The Pope acknowledged leaders in his Church were often ill-equipped, saying it was "clear that ordained ministers often lack the training needed to deal with the complex problems currently facing families" and that good pastoral training was important, "especially in light of particular emergency situations arising from cases of domestic violence and sexual abuse".
For many Catholic groups in the United States — where bishops and counsellors had been working since the early 1990s to address family violence in the Church — Pope Francis's explicit "naming and shaming" of domestic abuse was rocket fuel."

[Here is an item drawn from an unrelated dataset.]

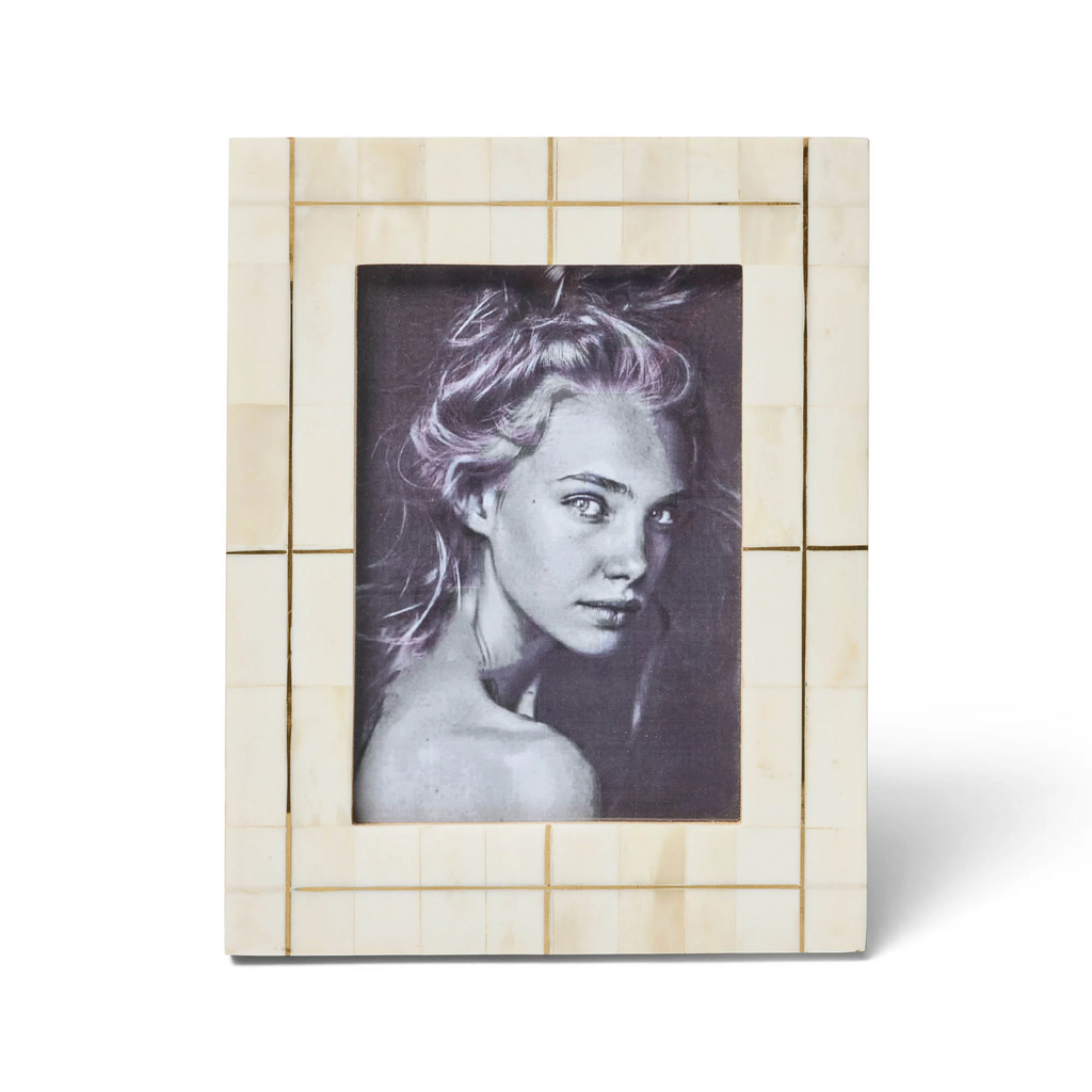 The Jiya Photo Frame is handcrafted from bone with an elegant brass inlay.
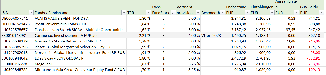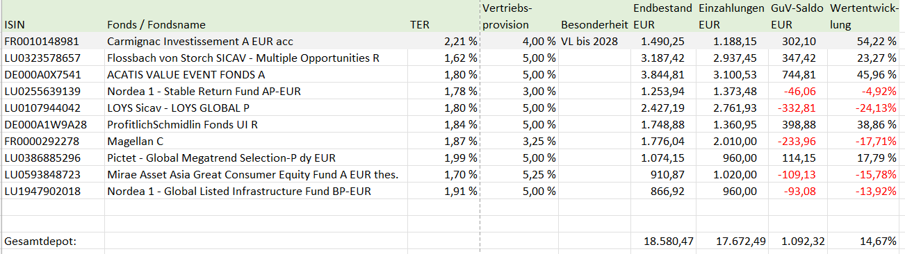Stabsauger Februar 24, 2024 · bearbeitet Februar 24, 2024 von Stabsauger Hallo zusammen, ich bin neu in diesem Forum und würde mich über Hilfe zu meinem folgenden Anliegen freuen. Ich schreibe allerdings erst einmal ein Bisschen etwas über meine Situation. Das hilft hoffentlich etwas bei der Einordnung Zu mir bisher: Ich habe seit 2015 eine Ausbildung absolviert und daran anschließend noch studiert. Während der Berufsausbildung hat mich ein Bekannter, welcher für einen Strukturvertrieb tätig ist, überredet einen Fondssparplan bei der FNZ (vormals ebase) anzulegen. Das habe ich dann auch mit einer von ihm vorgeschlagenen Fondsauswahl getan und seitdem bespart. Vor zwei oder drei Jahren wurden dann auf seinen Vorschlag hin die Beiträge erhöht und teilweise in andere Fonds eingezahlt. Momentan liegen dort ca. 18.500 €. Nun habe ich seit letztem Jahr mein Studium abgeschlossen und einen neuen Job. Seitdem beschäftige ich mich auch das erste Mal wirklich selbst mit meinen Finanzen. Schritt eins war die damals ebenfalls abgeschlossene BU durch eine neue, mit einem meiner Meinung nach besseren Gesamtkonzept, zu ersetzen. Nachdem ich im letzten Jahr aufgrund eines Umzugs nicht allzu viel Geld übrig war habe ich nun begonnen mich mit meinen Finanzen zu beschäftigen. Momentan bespare ich mit monatlich ca. 1000€ einen Notgroschen. Dieser beträgt Stand heute ca. 6000€ und lag bisher auf einem Tagesgelkonto mit 2,75% Zinsen. Seit einigen Tagen liegt das Geld mit 4% bei einem Neobroker auf dem Verrechnungskonto (Außschließlich wegen der Zinsen). Außerdem habe ich ein Depot bei einem zweiten Neobroker, bei welchem ich auch (eher unbeholfen) ein paar hundert € in Aktien investiert habe. Verpflichtungen habe ich im Grunde kaum. Lediglich mein Auto ist ziemlich alt (Restwert momentan an ca. 2000€). Ich denke hier werde ich in den nächsten drei Jahren ein anderes kaufen (ca. 20.000€). Das hängt allerdings auch davon ab, ob der jetzige nächstes Jahr noch vernünftig durch den TÜV zu bringen ist. Ich gehe aber davon aus. Dann gibt es erst in drei Jahren ein neues. Da aber ein Totalschaden durch Unfall oder Defekt nicht ausgeschlossen ist, hätte ich ganz gerne 10k bis 15k auf der Seite um im Notfall reagieren zu können. Mein Zukunftsplan ist mir ehrlich gesagt gerade nicht ganz klar. Ich denke aber, dass ich evtl. in 10 Jahren Wohneigentum erwerben möchte. Vielleicht mit meiner Freundin zusammen. Wenn Freundin weg, dann evtl. auch alleine. Das steht aber alles noch ziemlich in den Sternen. Ich möchte auf jeden Fall die nächsten 8-10 Jahre Vermögen aufbauen um mir Spielraum zu schaffen. Dazu will ich mich auch noch weiter mit Finanzen beschäftigen. Das folgende Anliegen scheint mir aber besser früh als spät betrachtet. Mein eigentliches Anliegen: Die Fonds bei der FNZ sind ziemlich teuer und auch von der Performance her nicht das gelbe vom Ei. Außerdem ist das alles recht kompliziert. Ich zahle quartalsweise noch 13,25€ Depotführungsgebühr sowie jährlich 12€ VL-Vertragsentgeld. Also in Summe 65€ p.A. Dann kommen noch die laufenden Kosten der Fonds dazu. Ich habe das Portfolio im Folgenden mal aufgelistet. Die Beträge sind von Depoteröffnung bis heute. Mir stellt sich jetzt die Frage, was ich mit diesen Fonds mache. Meine Idee ist, diese zu verkaufen (das kostet keine Gebühr) und per Neobroker in bspw. den "MSCI World Index" zu investieren. Diesen würde ich dann auch, wenn ausreichend Notgroschen vorhanden ist vorerst per Sparplan weiter besparen. Ich habe meinen Steuerfreibetrag noch nicht voll ausgeschöpft. Heißt ich würde einen Teil jetzt verkaufen und den anderen anfang nächsten Jahres. Erst wollte ich einen Teil des Geldes zum Notgroschen hinzufügen. Das würde allerdings meine zu versteuernden Zinserträge deutlich erhöhen und dann zum (Steuer-)Problem werden. Außerdem habe ich beim Einzahlen auch schon recht viel Gebühr bezahlt. Aber die bisher bezahlten Kosten werde ich wohl als Lehrgeld verbuchen müssen. Die anfallende Steuer wohl auch. Die VL-Leistungen bekomme ich nicht so einfach los, oder? Ich könnte sie jetzt allerdings erhöhen (wegen neuer Arbeitssttelle) und (so glaube ich zumindest) das Depot in ein reines VL-Depot umwandeln. Dann würden nur noch die 12€ VL-Vertragentgeld anfallen. Mich würde eure Meinung zu diesem Plan interessieren. Macht das Sinn? Was würdet ihr tun(vor allem mit den negativen Fonds)? Vielen Dank und Grüße Diesen Beitrag teilen Link zum Beitrag

Bridget Mary's Response: This is yet another area that women priests in the Catholic Church would make a difference. While it is important that Pope Francis has a more enlightened attitude and names domestic violence and sexual abuse as serious issues, we need a new theology of marriage as an equal partnership. The church also should reflect a living model of equality in its treatment of women as equals, including women priests, to foster mutual partnership and equality. Until then words will not be enough to move away from patriarchy, male domination and privilege which are major root causes of violence and abuse against women.